=== Provided data ===

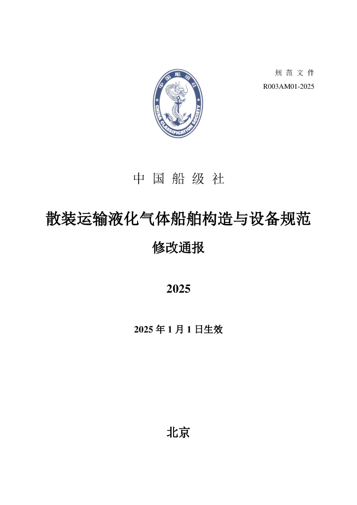 中国船级社(CCS):散装运输液化气体船舶构造与设备规范2025修改通报
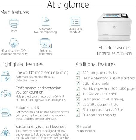 Get strong security, enhanced productivity and sustainability with the HP Color LaserJet Enterprise M455dn Printer. This color laser printer’s dynamic security continually monitors memory activity to detect and stop attacks in real time, and automatically checks firmware during startup. With print speeds up to 29 ppm and first page out as fast as 9.3 seconds (black) and 10.9 seconds (color), this entry-level enterprise printer empowers your team to complete tasks quickly. Save paper with automatic two-sided printing and help reduce wasted supplies with HP Roam for Business. Protect your color printer and produce high-quality color graphics while avoiding reprints with Original HP toner cartridges with JetIntelligence.
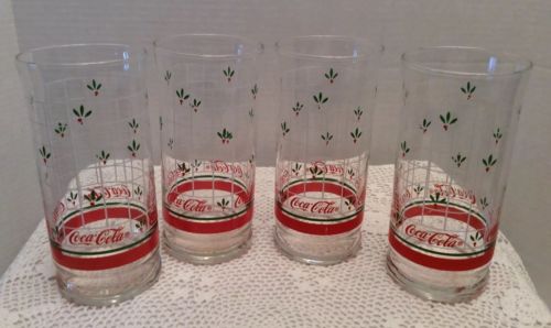 Title (ebay affiliate link): COCA-COLA Set of 4 Holly Christmas Holiday Glasses Tumblers
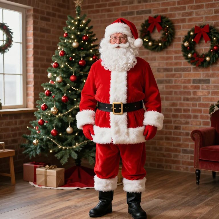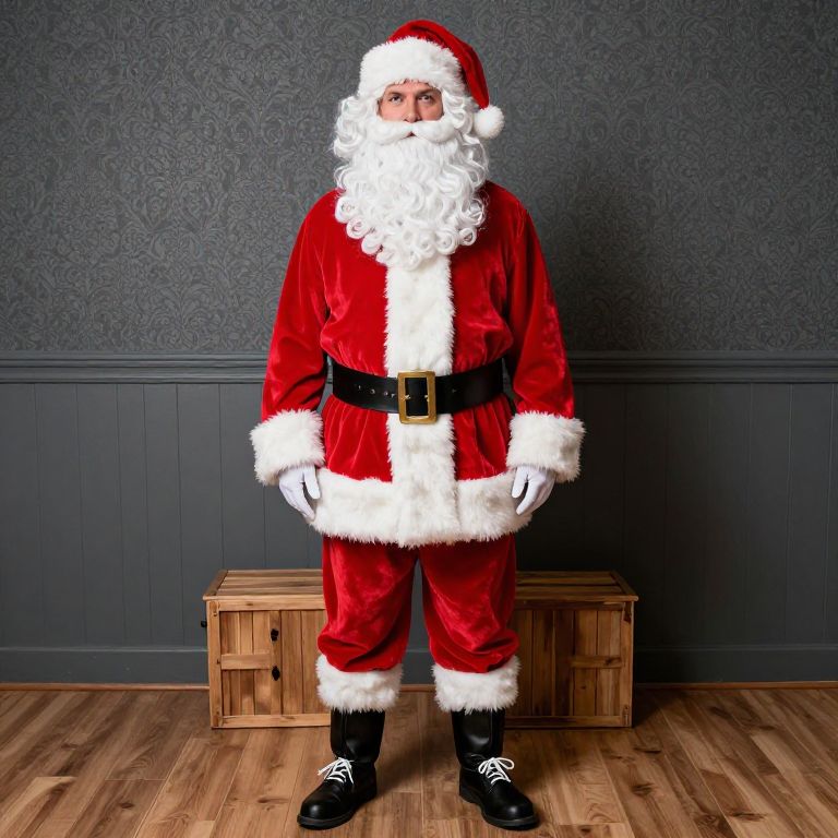 A photograph of a person standing indoors, dressed as Santa Claus. They're wearing a red velvet suit with white fur trim, a black belt, white pants, and black shoes with white laces. They have a white beard and a Santa hat, looking slightly to the side. The background features dark gray, patterned wallpaper with wainscoting and wooden floors. Two small wooden boxes are on the floor behind them.
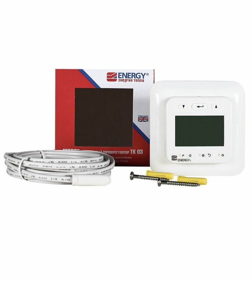 Терморегулятор/термостат для теплого пола Energy TK03 электронный программируемый с датчиком температуры, цвет белый

===

▶ Task statement:
If a record holds a picture, leave the picture out, but repeat every line exactly.

▶ Reply to the task:
 中国船级社(CCS):散装运输液化气体船舶构造与设备规范2025修改通报
 Get strong security, enhanced productivity and sustainability with the HP Color LaserJet Enterprise M455dn Printer. This color laser printer’s dynamic security continually monitors memory activity to detect and stop attacks in real time, and automatically checks firmware during startup. With print speeds up to 29 ppm and first page out as fast as 9.3 seconds (black) and 10.9 seconds (color), this entry-level enterprise printer empowers your team to complete tasks quickly. Save paper with automatic two-sided printing and help reduce wasted supplies with HP Roam for Business. Protect your color printer and produce high-quality color graphics while avoiding reprints with Original HP toner cartridges with JetIntelligence.
 Title (ebay affiliate link): COCA-COLA Set of 4 Holly Christmas Holiday Glasses Tumblers
 A photograph of a person standing indoors, dressed as Santa Claus. They're wearing a red velvet suit with white fur trim, a black belt, white pants, and black shoes with white laces. They have a white beard and a Santa hat, looking slightly to the side. The background features dark gray, patterned wallpaper with wainscoting and wooden floors. Two small wooden boxes are on the floor behind them.
 Терморегулятор/термостат для теплого пола Energy TK03 электронный программируемый с датчиком температуры, цвет белый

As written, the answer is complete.